Simple regex, ~85% accuracy. No ML needed.

Why This Was Ridiculously Fun

1. It Actually Works
Unlike most side projects that collect dust, I use this every morning. Building something you genuinely need hits different.

2. Vanilla JS is Liberating
No webpack. No babel. No 500MB node_modules. Just 400 lines of JavaScript that load instantly. The frontend filters 500+ articles client-side without breaking a sweat.

3. Docker Compose is Magic
One docker compose up -d spins up 5 services (nginx, flask, postgres, redis, celery). Zero configuration hell.

4. Python Gets Shit Done
Weekend project → Working prototype in 3 days. The ecosystem (feedparser, SQLAlchemy, Celery) just works. Zero library bugs.

The Trade-Offs (Or: What If I Used Go/Rust?)
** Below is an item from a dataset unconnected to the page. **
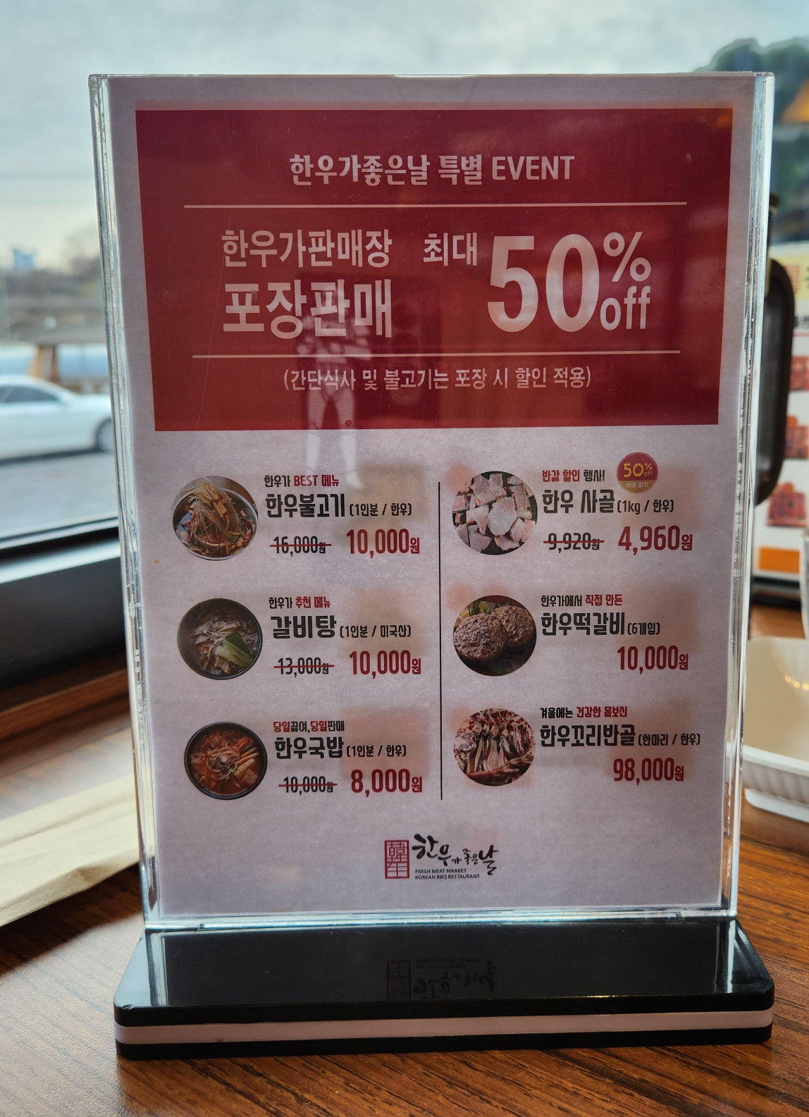 고기를 포장으로 가져갈때는 20% 세일된 가격으로 가져갈 수 있으니 그렇게 활용하면 또 좋다.

Python’s not fast. Let’s be real:

LanguageRSS ParsingMemoryDev Time
Python15-30s~600MB3 days
Go3-5s~50MB5-7 days
Rust2-4s~30MB9-15 days
Node.js12-25s~500MB3 days
Bun5-8s~200MB3 days

Could Go parse feeds 10x faster? Yes.
Would it matter? Hell no.

The app already feels instant. RSS updates every 5 minutes. Who cares if ingestion takes 15 seconds vs 3 seconds? I’m not running Twitter here.
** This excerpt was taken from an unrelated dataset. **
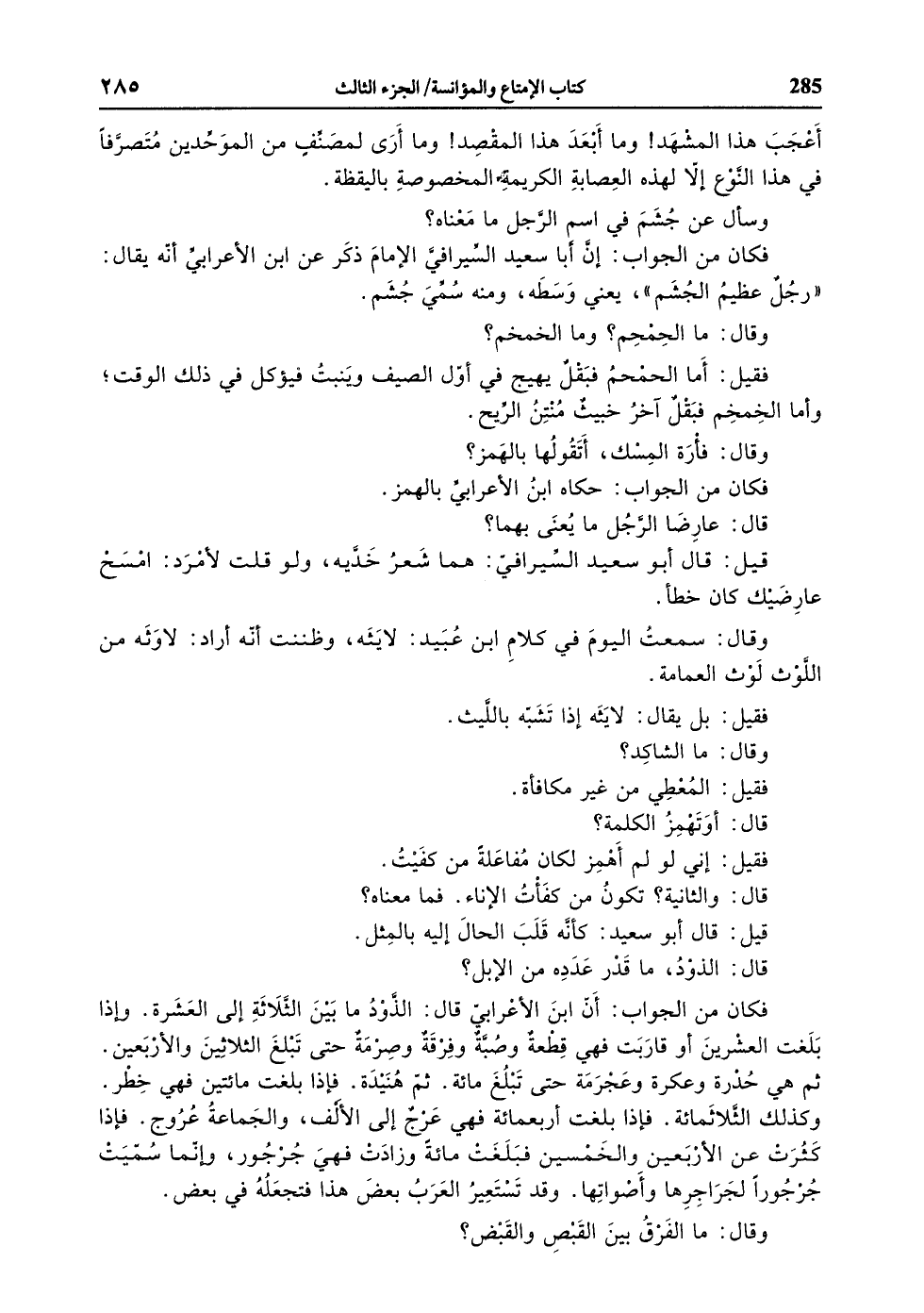 فكان من الجواب: إنّ أبا سعيد السّيرافيّ الإمام ذكر عن ابن الأعرابيّ أنّه يقال:

When I’d Choose Differently

  • 10,000 concurrent users? Go or Rust.
  • Real-time WebSockets? Elixir/Phoenix.
  • $5/month VPS? Go (lower memory).
  • Already know Rust? Use what you know.
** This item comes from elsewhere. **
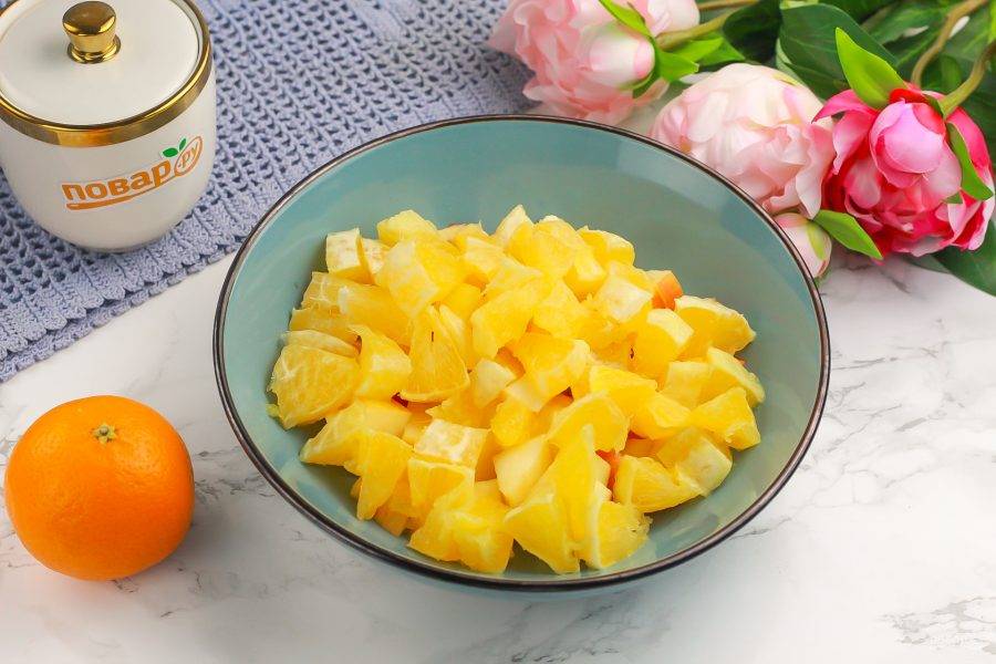 Апельсин очистите от кожуры и белых волокон. Разделите плод на дольки и нарежьте их на части, удаляя косточки. Добавьте в емкость.

But for a single-user, self-hosted tool? Python is perfect.

Best Decisions

– Client-side filtering – Load all 500 articles, filter in browser. Fast and simple.
– Docker Compose – No Kubernetes complexity for a personal project.
– No frameworks – Vanilla JS loads in milliseconds, no build step.
– PostgreSQL – Proper indexes, no SQLite locking drama.
Privacy-first – Runs locally, zero tracking, zero cloud.

Worst Decisions

No full-text search – PostgreSQL LIKE is basic, but good enough.
No real-time updates – Articles refresh every 5 min, not live.
Memory usage – 600MB is overkill for this, but who cares.

Want to Contribute?

The repo is private on GitHub, but I’m happy to add collaborators. If you want to:

  • Explore the code
  • Contribute features
  • Fork it for your own aggregator

Just send me your GitHub username or your email address. I kept it private to avoid spam, but I love collaboration.

Lessons Learned

  1. Boring tech wins – Flask, PostgreSQL, Redis are boring. They’re also battle-tested and predictable.
  2. Client-side rendering is underrated – Modern browsers are fast. Use them.
  3. Docker Compose > Kubernetes – For small projects, K8s is insane overkill.
  4. Vanilla JS is enough – React/Vue are great, but unnecessary complexity for simple UIs.
  5. RSS isn’t dead – Simple, standardized, no API keys, just works.

The Verdict

Python was absolutely the right choice. Not because it’s fast (it’s not), but because:

  • I shipped in 3 hours with Github Co-Pilot
  • The code is readable
  • Performance is “good enough”
  • I actually enjoy maintaining it

Could Go be 10x faster? Sure. Would it matter? Nope.

Pick tools that let you ship fast, solve the problem, and don’t over-engineer.


Tech: Python, Flask, PostgreSQL, Redis, Celery, Vanilla JS
Lines of Code: ~1,400 total
Dev Time: 3 hour with Github Co-Pilot
Deploy: docker compose up -d
Status: Private repo, collaborators welcome

2026. Built it, shipped it, use it daily. This is how side projects should feel.